Hullum met fellow founding partner Burnie Burns in college when they were both working at Texas Student Television. Hullum loved that there were hardly any gatekeepers at the station. The freedom of student TV was the first inkling of things to come.

Hullum went to Hollywood to work in film. Back in Texas, Burns sent Hullum the beginnings of Red vs. Blue. The project was “machinima.” It was created out of video game play with voiceover narration. The comedic series focuses on a civil war waged between two teams of soldiers (red and blue), and it uses footage from the first-person shooter Halo (since season 8, it also includes original animation). Today, it is one of the most prominent examples of machinima.

The show was an immediate Internet hit. Its creators didn’t have financial expectations for it until the second season premiered at the Lincoln Center in early 2004. Hullum said he figured just New Yorkers would show up, but fans from all over the world convened on the event.

Hullum moved back to Texas shortly after that. Initially, the operation was a handful of guys working out of a one-bedroom apartment in Buda, and it was just Red vs. Blue DVD sales and merchandise that made money, but soon requests for branded content started coming in from companies like videogame maker EA.

Today, the bulk of revenue stems from original content. Hullum says they try to make sure all products have at least two income streams and they don’t like to rely on unpredictable YouTube ad revenues. For example, the weekly Rooster Teeth podcast – where staff discuss movies, video games and upcoming projects – earns money through a premium subscription service for livestream access, integrated ads that air during the show, YouTube ads when the show becomes available there and merchandise. The podcast gets hundreds of thousands of YouTube views and a new episode of a Rooster Teeth show often sees 1 million or more.
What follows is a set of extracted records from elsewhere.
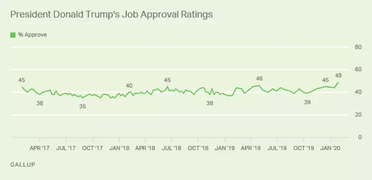 Паводле апытання Gallup, рэйтынг прэзідэнта ЗША Дональда Трампа дасягнуў 49%, што з'яўляецца максімальнай ацэнкай адабрэння дзейнасці прэзідэнта з моманту інаўгурацыі.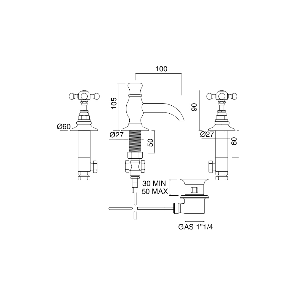 3-otworowa bateria umywalkowa z odpływem, wykonana z mosiądzu.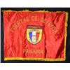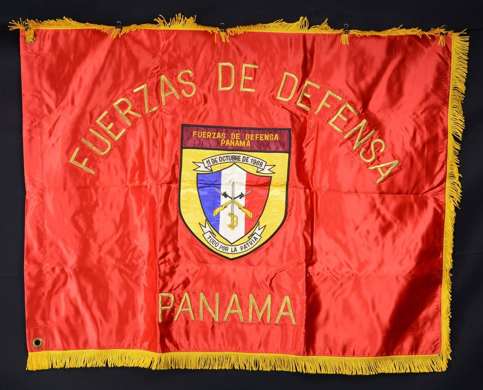 3x4' double applique insignia and gold letters on red field, gold fringe, 2 large brass grommets. Panamanian defense force ceased to exist after the 1989 American invasion of Panama in operation “Just Cause” to remove Manuel Noriega. This flag was probably a souvenir by American GI. The Panama Defense Forces (Fuerzas De Defensa Panama) were created in 1983 by General Manuel Noriega upon his promotion to that grade in August. The command had originally been the Panamanian National Guard which was largely a military police force. Noriega's original intent was to make them a professional military army to protect the Panama Canal along with the US Army units stationed in that nation. In October 1989, some units of the Defense Forces attempted a coup against Noriega and were defeated and Noriega turned against an election that was held to depose him. However, in December 1989, the US military invaded the nation due to Noriega being wanted for drug trafficking and other issues capturing Noriega and installing a more democratic government and constitution. The Panama Defense Forces were then disbanded. They were replaced by the National Police which remains today. The Panama Defense Forces had at its height of strength, four infantry battalions, eight infantry and military police companies as well as some support units including a civilian militia. Also, under control of the PDF were the Fuerza Policia (Police Force) which was charged with law enforcement and highway patrol plus transit police for the cities. The flag bears the Coat of Arms of the Panamanian military. The date October 11, 1968 relates to the Panama military coup that took place at that time. Then President Arnulfo Madrid angered his military through transfers and reorganizations causing some officers to consider deposing him. On October 11th, Major Boris Martinez and Lt. Colonel Omar Torrijos Herrera offered the presidency to two men, including the sitting Vice President Raul Arango. They declined so the coup set up a governing board, repealed all civil rights and the Constitution of 1946. Supporters of President Madrid took to the streets in small guerrilla formations attacking places in the country. In late February 1969, another coup led by Colonel Torrijos toppled the governing board with the support of then Major Manuel Noriega. Torrijos defeated all threats, was promoted to general and ruled Panama until he turned it over in 1978 (but he retained control of the National Guard). While ruling the nation, Torrijos sought to get control of the Panama Canal and negotiated with U.S. President Jimmy Carter finally signing a treaty in 1977. Torrijos died in a mysterious plane crash on July 31, 1981. In which the chief suspect for that remains the CIA. It had been intended for a series of fellow military officers to succeed him and Noriega was on that list. The Coat of Arms has the date of the 1968 coup and a slogan (“All For the Country” in Spanish) plus crossed rifles and a sword. The flag dates between 1983 and late 1989 when the force was disbanded. CONDITION: very good overall. (02-19982-7/JS). $200-300.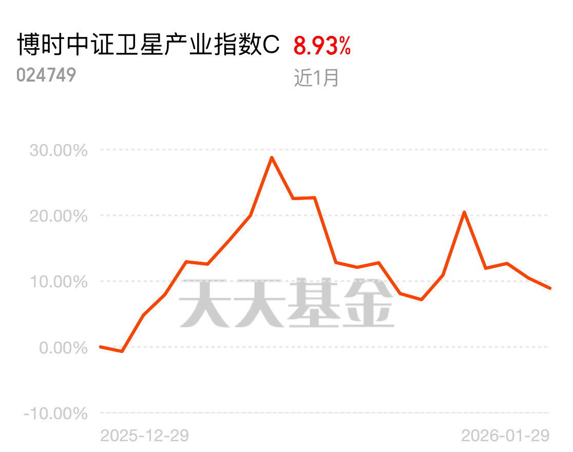 跟踪的中证卫星产业指数,覆盖了卫星制造、发射、运营等全产业链50家核心企业。这基表现相当亮眼,从去年11月到今年1月涨幅超过40%,整体趋势向上。看好中国商业航天的产业升级和国产替代,现在政策支持力度大,商业航天司设立、行动计划发布,感觉这个赛道才刚刚开始。
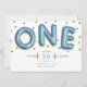 Blå ballonger Guldkonfetti ONE 1-års födelsedagsfe Inbjudningar

To understand the fan loyalty that’s driven Rooster Teeth’s decade-long success, it’s helpful to talk to 25-year-old community manager Barbara Dunkelman. She began watching Red vs. Blue when she was 14, and from there Rooster Teeth became a major part of her social life. She’d go on the Rooster Teeth website before school, sometimes during school, and then at night often she’d stay online until three a.m interacting with other members, hosting chats, posting journals, commenting – about half the conversation was specifically about Rooster Teeth, she says, but the other half was just socializing.

“I was always kind of nerdy, interested in video games and that kind of culture,” she says. “And the Rooster Teeth community is extremely open and welcoming. Some of my best friends to this day are people I met on the website.”

Dunkelman was one of the most prominent community members, so when Rooster Teeth was looking for a community manager, they offered her the job and sponsored her work visa (she’s Canadian). In addition to marketing and social media, Dunkelman also plays the voice of Yang Xiao Long, one of the main characters on RWBY, the company’s Americanized anime, now one of its biggest shows. Soon, her character will have its own action figure. She’s gone from fan to having fans: She has 180,000 Twitter followers.

Rooster Teeth is fairly unique. Hullum says he knows or three- or four-man teams, but nothing that rivals the scale of Rooster Teeth for the kind of content it produces.

It helped that they were early movers. When the first Red vs. Blue episodes came out, YouTube didn’t exist. Much of their original website was devoted to explaining how to watch a video with a computer. If there’s a key to Rooster Teeth’s success – aside from creating entertainment that inspires fan devotion – it’s unwavering commitment to the online sphere. Hullum knew from experience how slow Hollywood works and how big studio money can dilute an original idea.

“We’ve seen so many groups all try to go for the movie or TV show, go the traditional route,” he says, “and in doing so abandon their original fan base, then when it doesn’t work out, it’s hard or impossible to rebuild.”